WORK INSTRUCTIONS> Each line from the opening of the material through the line holding "王炳交对同学们的到来表示热烈" needs to be returned exactly, with the pictures left out.

AVAILABLE DATA>

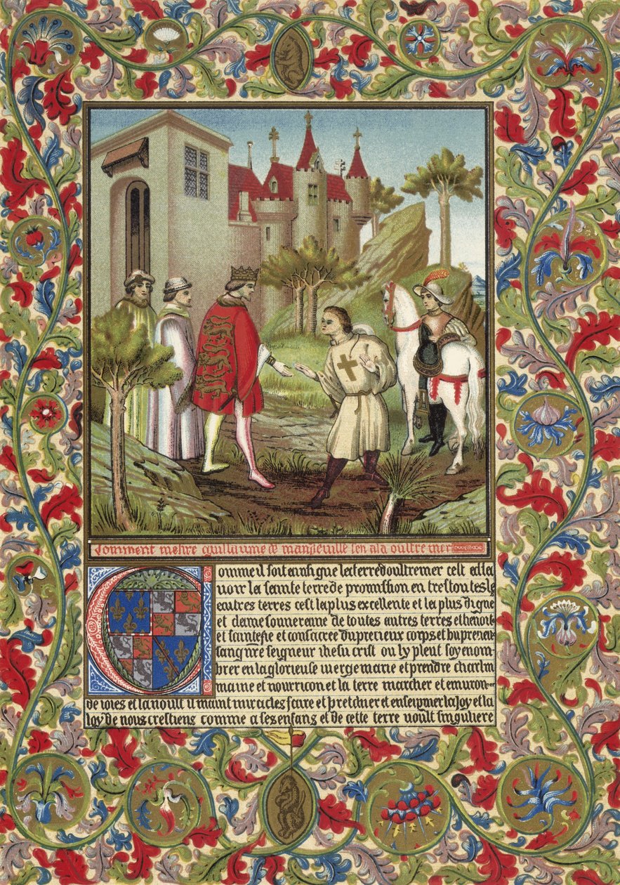 Guillaume de Mandeville, 3e graaf van Essex, ontmoet Richard Leeuwenhart(Guillaume de Mandeville, 3rd Earl of Essex, meets Richard the Lionheart (chromolithograph))French School |
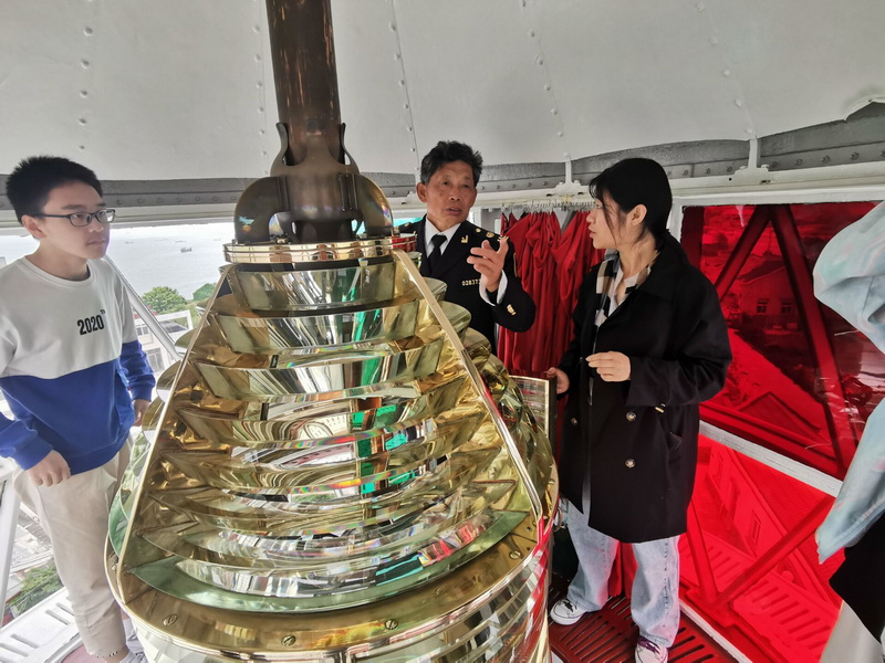 王炳交对同学们的到来表示热烈欢迎,在狭小的灯塔塔顶,他满怀激情地向大家介绍了团岛灯塔的发展历史、工作原理和养护知识,并结合自己45年如一日守护灯塔的亲身经历,向大家展示了祖国灯塔的百年变迁和一名基层党员的职业坚守。值守灯塔期间,他先后进行了二十几项技术革新,大大延长了设备使用寿命,为国家节约了大量经费,团岛灯塔也因此被评为国家一级灯塔。
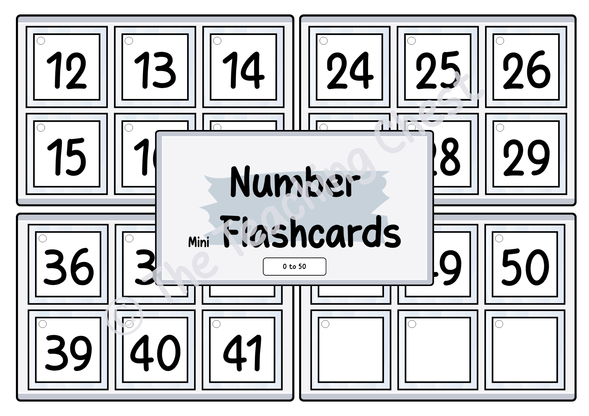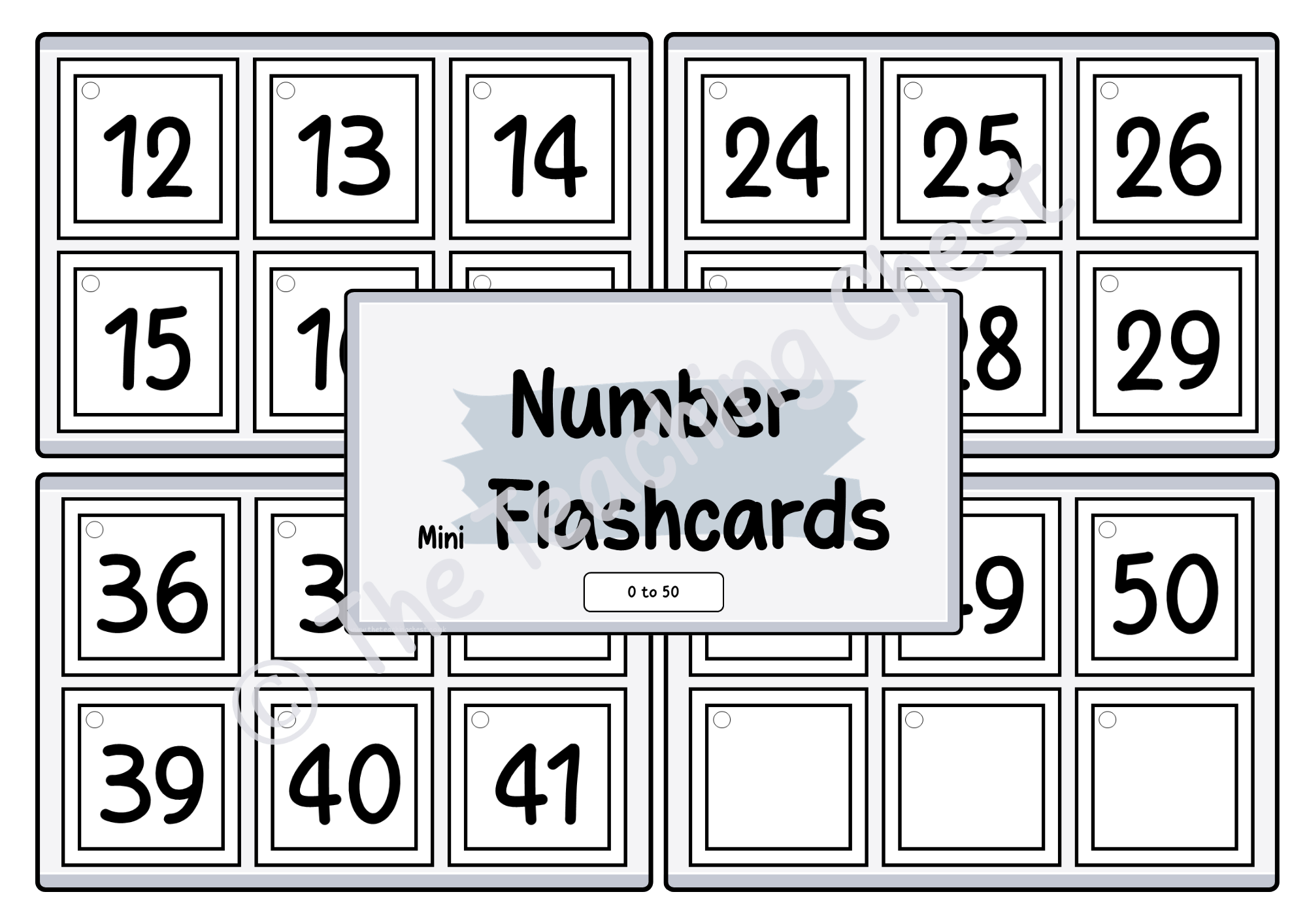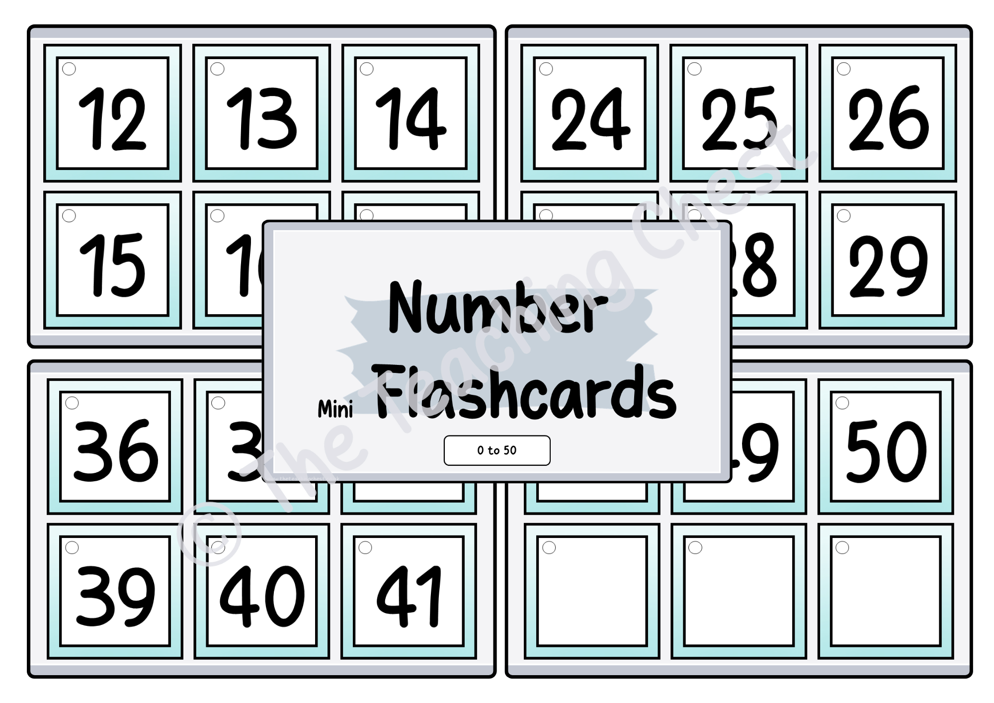 A set of mini number flashcards from 0 to 50 to support the recognition and recall of numbers.

TASK RESPONSE>
 Guillaume de Mandeville, 3e graaf van Essex, ontmoet Richard Leeuwenhart(Guillaume de Mandeville, 3rd Earl of Essex, meets Richard the Lionheart (chromolithograph))French School |
 王炳交对同学们的到来表示热烈欢迎,在狭小的灯塔塔顶,他满怀激情地向大家介绍了团岛灯塔的发展历史、工作原理和养护知识,并结合自己45年如一日守护灯塔的亲身经历,向大家展示了祖国灯塔的百年变迁和一名基层党员的职业坚守。值守灯塔期间,他先后进行了二十几项技术革新,大大延长了设备使用寿命,为国家节约了大量经费,团岛灯塔也因此被评为国家一级灯塔。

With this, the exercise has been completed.